Editorial: Rush job

State legislators made it to first adjournment on Sunday but their last-minute negotiations on a school finance measure weren’t pretty.

Kansas legislators didn’t exactly do themselves proud as they wrapped up business and headed out of town Sunday.

By slim majorities, the House and Senate passed a bill that will provide $129 million in the next fiscal year to correct what the Kansas Supreme Court ruled were unconstitutional funding inequities among wealthy and poor school districts in the state. That was really all legislators had to do to meet the court’s July 1 deadline, but they didn’t stop there. In order to gain votes from legislators who may not otherwise support the funding, lawmakers tacked on provisions that cancel due process rights for K-12 public school teachers, created a tax credit for companies donating to private school scholarship funds and formed a K-12 commission to study options for more efficient operation and management of school districts.

In the process, legislators also left themselves open to charges of squelching debate and violating the Kansas Open Meetings Act by failing to adequately notify news media and committee members of a meeting of the House-Senate conference committee on the bill early Sunday morning.

The compromise passed both the House (63-57) and Senate (22-16) on slim six-vote margins.

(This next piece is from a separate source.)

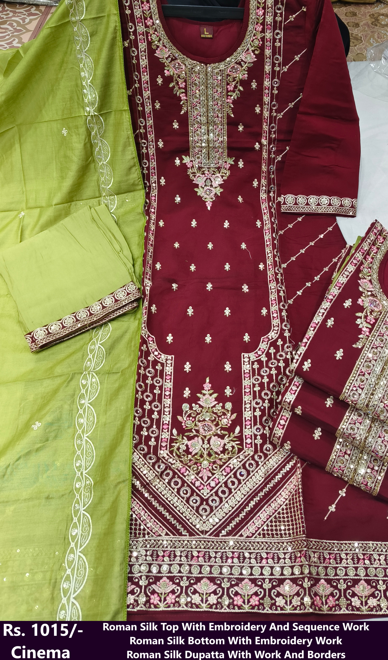 Rs.1015 Roman Silk Top With Embroidery And Sequenc Work

Those voting against the measure were Democrats and a mix of moderate and a few conservative Republicans who either thought the bill went too far or not far enough on non-budget issues like the scholarship program and teacher tenure.

Regardless of how Kansans feel about any of the policy issues that were tacked onto the school finance measure, they may feel somewhat cheated by the way those measures were passed — without any committee hearings or opportunity for testimony from school officials or the public at large. Public school teachers lined the halls of the capitol last weekend in protest of the tenure measure but were given no formal opportunity for input on the legislation that was being passed.

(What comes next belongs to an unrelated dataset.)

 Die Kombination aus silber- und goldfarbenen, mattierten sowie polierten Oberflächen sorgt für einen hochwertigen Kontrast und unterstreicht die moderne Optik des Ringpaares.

That kind of process was impossible at this point of the session. Rather than delaying action on the measures until they could be more carefully considered, legislative leaders turned the issues into bargaining chips designed to tip the balance on the school finance vote. None of them had anything to do with the central purpose of the bill, but they were tacked on to attract just enough votes to pass the measure.

Such dealings certainly are not unique to this legislative session, but the small margin of victory for this bill and the significance of the side issues attached to it raise some additional concerns this year. It is, at least, disappointing to see important issues being settled by a handful of legislative negotiators rather than receive the public hearing and input they deserve.